HARI KEDUA! 18 Januari 2013

Pemandangan khas Pantai Sanur
Jadwal hari ini adalah ke Pantai Sanur dan Pantai Kuta. Hari ini kami gak lagi bareng Pak Ketut karena kami merasa gak bebas bisa kemana-kemana. Jadi kami berencana untuk menyewa 2 motor supaya bebaaaaaas mau kemana aja. Tetapiiii, bude saya menyarankan untuk memakai motornya, karena beliau punya 2 motor, jadi bisa di pakai dua-duanya. Yasudah dengan senang hati kami terima hoho.

Karena kami semua susah bangun pagi terutama saya dan Zen, jadi kami baru berangkat ke Pantai Sanur pada pukul 13.53. Siang banget kan ya huhu, sifat jelek ini harus dibuang jauh-jauh, karena bisa berabe kalo travelling tiap hari bangunnya siang mulu -_-. Jujur, kami semua gak tau jalan di sana, karena berkat kecanggihan smartphone, jadi saya bisa buka aplikasi map. Yaaa cukup membantu lah walaupun tetap saja ada nyasarnya dan harus nanya dulu ke penduduk sana.

Susur pantai sambil mencari spot yang pas buat berenang
Ternyata tidak terlalu jauh jaraknya, kalau dari rumah saudara saya di Banjar Ambengan, Denpasar Selatan hanya perlu ke arah Jalan Ngurah Rai By Pass ke arah timur. Luruuuuuus aja sampai nemu plang tulisan Pantai Sanur belok kanan. Sampai deh di Pantai Sanur. Di pantai ini cenderung sepi pengunjung. Bukan karena gak indah, indah banget malah! Tapi mungkin karena ombak di sana tidak terlalu besar, cenderung tenang, jadi para bule gak bisa surfing di sana. Lebih banyak pengunjung lokal yang datang ke sana. Kalau adapun bule yang ke sana, itu karena alasan privasi, karena di sana tenang banget, enak banget buat berjemur, baca buku, main volley pantai, dan lain-lain.

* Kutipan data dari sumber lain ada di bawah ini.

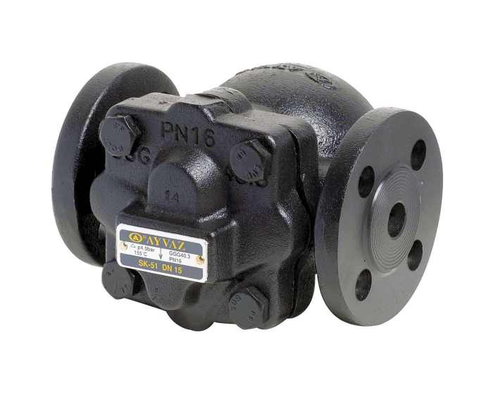Automatic air vent with float, ductile iron body (EN-GJS-400-18), built-in thermostatic air vent, PS: 16 bar, TS: 250°C, flanged.
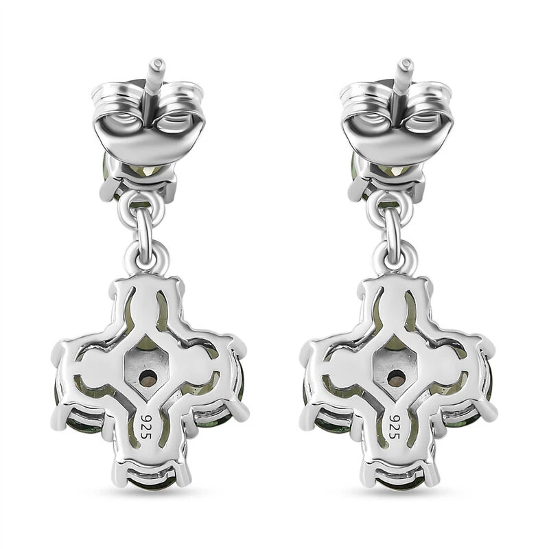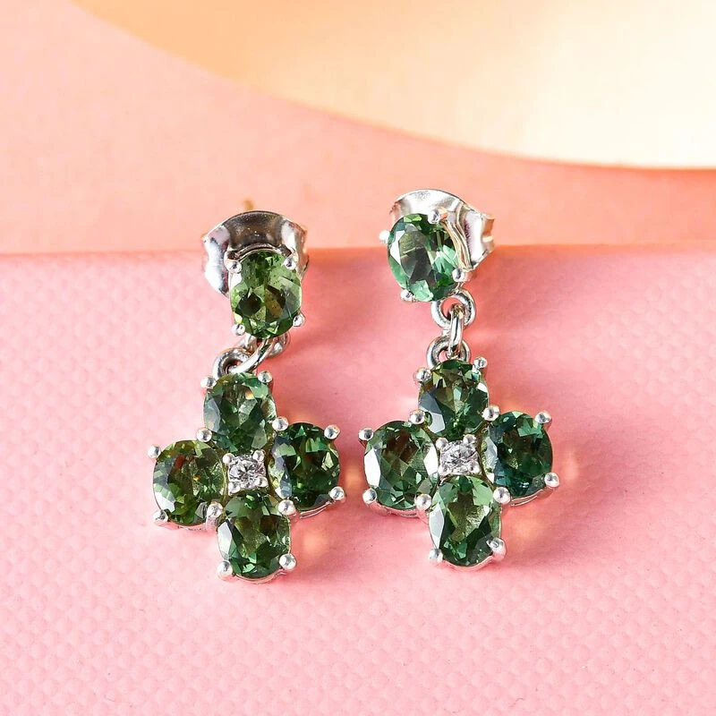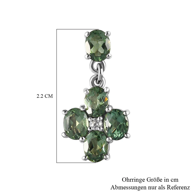 Natürliche, Grüne Apatit Und Weiße Zirkon-Ohrringe, 925 Silber Platiniert Ca. 3.87 Ct
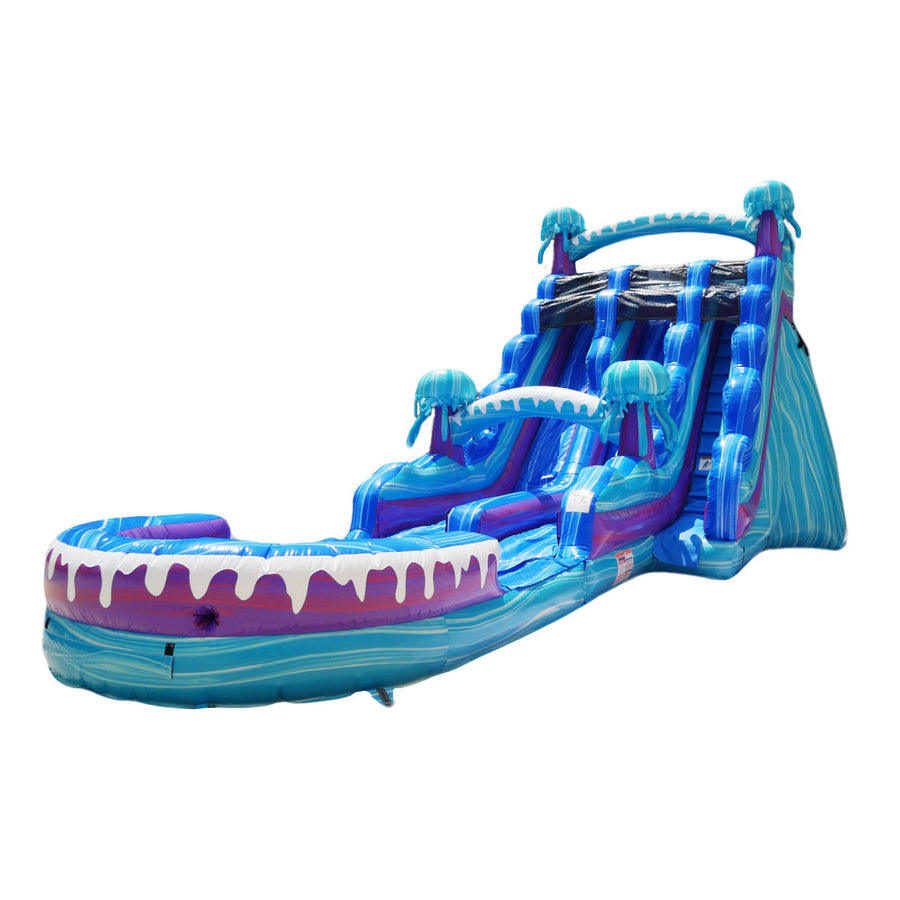 The all-new wet and dry slide with blower and accessories is just what you need. These mega waterparks are made of 100% industrial grade PVC 15 oz Vinyl for heavy usage through many jumping, bouncing, slipping, and sliding sessions. These slides equip with non-slippery climbing material and a handle on the ladder that prevents kids from falling and standing while climbing up. Child safe netting prevents kids from standing up at the platform top; fully covered shade netting ensures that kids can slide down securely. The seams are heat-sealed throughout the slide and pool areas to minimize water leaking. Hassle-free packaging is delivered and unloaded to your home through a freight company.

Keadaan ini kami manfaatkan untuk berenang di sana. Enyaaaaak banget serasa pantai pribadi, bebas mau ngapain aja. Struktur pantainya pun enak buat yang pengen sekedar berenang, karena tidak berkarang, hanya pasir dan sedikit kerikil saja. Yeah we had a quality time there.

Kelakuan ikan pesut
Bule yang lagi berenang shock ada
makhluk aneh menunjukkan keteknya
2 insan yang sedang memadu kasih
Target kami hari ini yang lain adalah melihat sunset di Pantai Kuta, karena sunset di Pantai Sanur gak bagus kawan. Menuju lah kita ke Pantai Kuta. Tidak lupa saya membuka digital map untuk mendapatkan direction dari Pantai Sanur ke Pantai Kuta. Cukup mudah juga, kita hanya cenderung mengikuti Jalan Ngurah Rai By Pass ke arah barat. Ikuti jalan saja sampai gempor kita nemu plang arah ke Pantai Kuta. Sangat sangat seru kawan naik motor tapi kita gak tau jalannya, jadi ada tujuan yang harus kita raih, dan itu sensasinya wow beuddd.

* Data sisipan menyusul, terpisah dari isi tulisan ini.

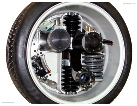 Use of a motor-wheel (Figure 2) allows for the exclusion of transmission and realizing direct engagement of the engine with a wheel [7]. The most expedient use of motor-wheels is in city electric transport such as a tram-bus, a trolley bus, or a subway in view of the fact that speed of communication of these vehicles is low and the majority of losses occur in a reducer.
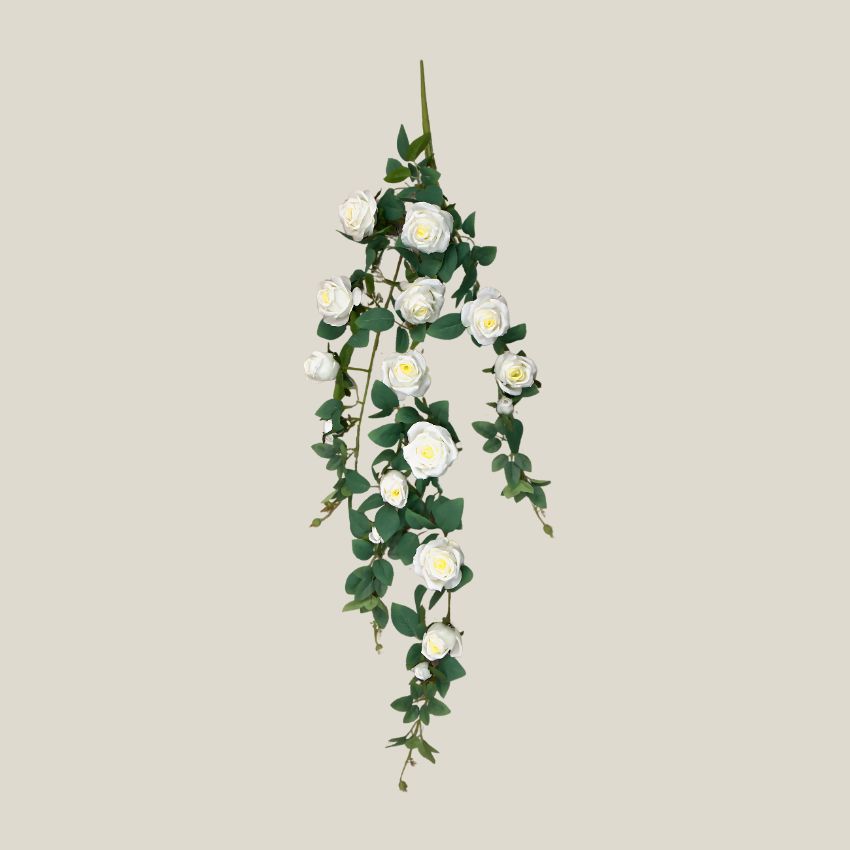 Transforma cualquier ambiente con esta delicada mata colgante de flores en tono Blanco nieve, perfecta para aportar un toque etéreo, fresco y sofisticado a tus espacios. Su diseño fluido y su color suave evocan la belleza de la naturaleza en su forma más sutil. Laborada con flores en seda de alta calidad y un tallo flexible, esta mata cuelga con gracia, ideal para ser usada en arcos florales, marcos decorativos, cortinas botánicas o centros colgantes.

Lagi buka digital map dari hp
Sampai di Pantai Kuta terasa beda, keramaian di mana-mana. Kami tidak langsung ke pantainya, karena kami ingin sedikit belanja dulu hehe. Kalo mau belanja di Pantai Kuta, ada sebuah gang yang di sana menjual berbagai oleh-oleh khas Bali kawan. Tapi kalian harus pintar-pintar menawar. Tapi saya saranin lagi sih kalian jangan beli di sini, tapi beli di Pusat Perbelanjaan Airlangga, nanti saya bahas kok.

Selesai belanja rencananya kami langsung menuju pantai sambil menunggu sunset, tapiiiiiiii hujan pun datang!!! Sh*t!!! Gak bisa lihat sunset ini mah. Mataharinya ngilang, ketutupan awan mendung yang hitam. Tapi kami gak langsung pulang, kami tetap berharap dan tetap ke pantai. Pengunjung berkurang, para bule pulang ke penginapannya masing-masing, kaya kucing aja yak takut basah -__-. Cuma tersisa para pedagang, sedikit wisatawan, dan peselancar yang nekat!! Hujan kecil disertai angin yang cukup besar sudah cukup membuat ombak agak besar, jadi ini adalah momen yang gak boleh dilewatkan bagi mereka. Walaupun beach guard sudah meniupkan peluit agar para peselancar pulang, tapi tidak dihiraukan, gila ombak mereka -.-".

Sambil nunggu hujan sambil foto-foto
Waktu sudah menunjukkan pukul 18.00 WITA. Tapi belum gelap, kacau juga yak. Kami memutuskan untuk pulang saja karena percuma, matahari sudah tidak mungkin terlihat, toh masih ada hari esok buat lihat sunset. Kami tidak langsung pulang, karena ternyata Papanya Mirza lagi ada di Bali juga. Tepatnya di sebuah hotel di daerah Kuta Raya. Kami memutuskan ke sana dengan modal nekat dan digital map. Mungkin karena malam hari dan udah capek kali ya, udah 2 kali muter tetap saja gak nemu itu daerah. Ada satu jalan yang kami lewati yaitu Jalan Legian. Wow keren banget suasana malam di jalan itu. Ramai wisatawan dan tentunya ramai akan toko-toko dan restoran terkenal. Tapi kami gak bisa mampir, karena kami gak enak sama bude. Udah motor minjem, pulangnya malem lagi, kan gak enak.

Perjalanan pulang kami tidak semulus perjalanan berangkat. Kami nyasar di suatu persimpangan, namanya Simpang Siur. Pantes namanya Simpang Siur, cocok. Kami muter-muter persimpangan itu 2 kali. Kata Bude saya, kami termasuk beruntung, karena banyak orang baru yang harus muter 2-7 kali buat nemuin jalan yang benar, ulala...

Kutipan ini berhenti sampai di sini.